Some sources actually place Shakespeare and Company's funding success at almost $3 million thus far, but the group says that it must raise more.

In all, McCleary said the theatre company would need between $8.5 - $9 million -- both to cover necessary renovations and restorations as well as the $4.1 million purchase price of the Kemble Street facility.

There is a mortgage contingency date attached to the Shakespeare and Company agreement for the Kemble property. The theatre group must have its funding in place by Feb. 18. A closing date of April 4 is now anticipated.

"The regional banks are very interested in being a part of this," McCleary told Playbill On-Line.
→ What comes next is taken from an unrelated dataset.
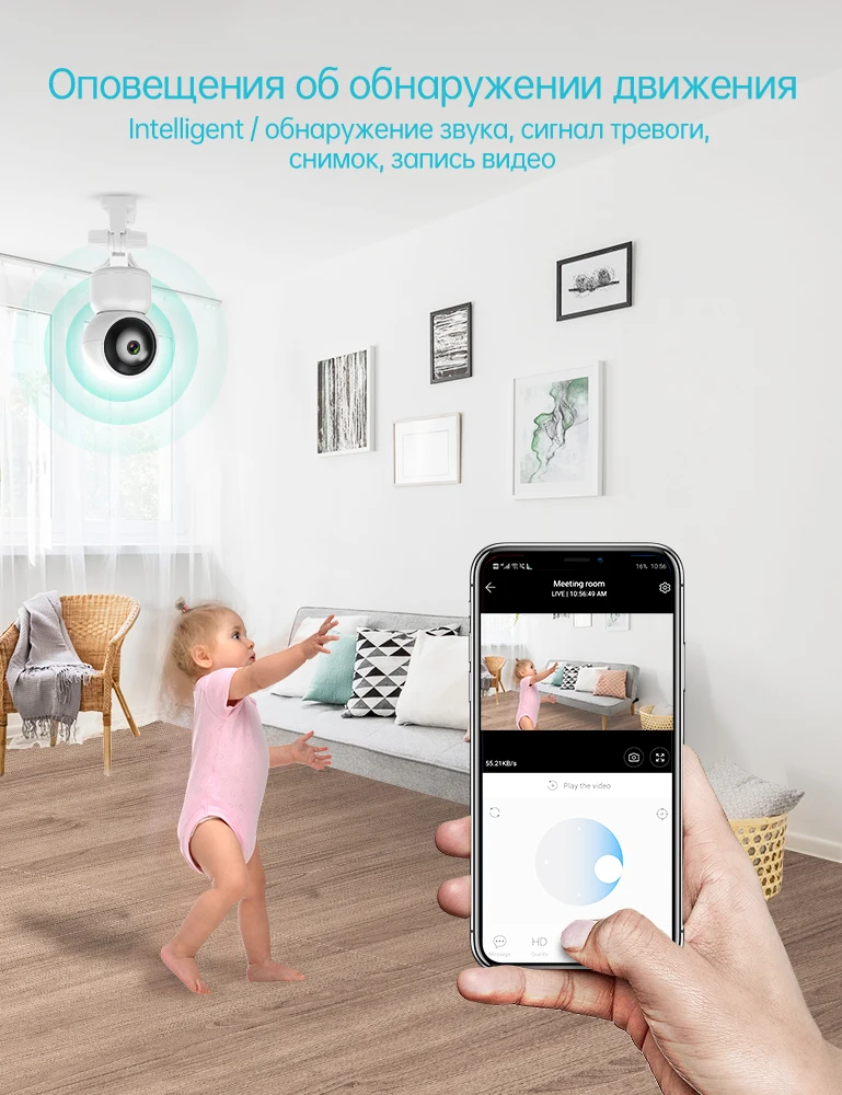 С помощью камеры видеонаблюдения все потенциально опасные действия и звуки в вашем доме могут быть точно идентифицированы и немедленно отправлены на ваш мобильный телефон, поэтому вы не беспокоитесь, когда вы находитесь вне дома. Установите желаемые позиции, и вы можете просмотреть желаемое положение одним касанием. Или вы можете настроить автоматическое слежение за детской камерой и получить полный горизонтальный вид вашего дома, компании, магазина и т. д.

Shakespeare and Company has a long, six-month season which begins May 8. By 2001, the theatre company hopes to have one 400-450 seat theatre stage up and running at Kemble. By then, most of the groups administrative offices will already be at Kemble. For now, and through much of the transition over the next few years, operations will continue at The Mount (that lease is valid through 2004) and at the nearby 500-seat Duffin Theatre. At Kemble, McCleary says, the theatre company hopes to provide a higher level of audience amenities.
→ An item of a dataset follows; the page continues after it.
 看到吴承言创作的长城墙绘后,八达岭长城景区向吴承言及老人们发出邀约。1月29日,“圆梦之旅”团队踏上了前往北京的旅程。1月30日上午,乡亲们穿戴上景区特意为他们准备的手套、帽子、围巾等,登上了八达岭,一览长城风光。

"What we hope to be doing in next three years, before 2004," McCleary said, "is growing our audience to as much as one hundred percent over what we have now. The plan is to produce works over three properties. In time, we'll have the new stage site at Kemble, we'll continue producing at the outdoor mainstage at The Mount, and we'll continue using the 500-seat Duffin Theatre 2 miles away. By 2004, when we move to the new property, we will be taking a much more healthy audience base with us."

Shakespeare and Company has recorded four consecutive record breaking seasons and has an audience base of 38,000 people as of this year. Its goal is to establish a 60,000-strong audience base in the next few years. By comparison, New York City's Roundabout Theatre has just reached the 42,000 subscriber level and New Jersey's Paper Mill Playhouse is estimated at about 35-36,000.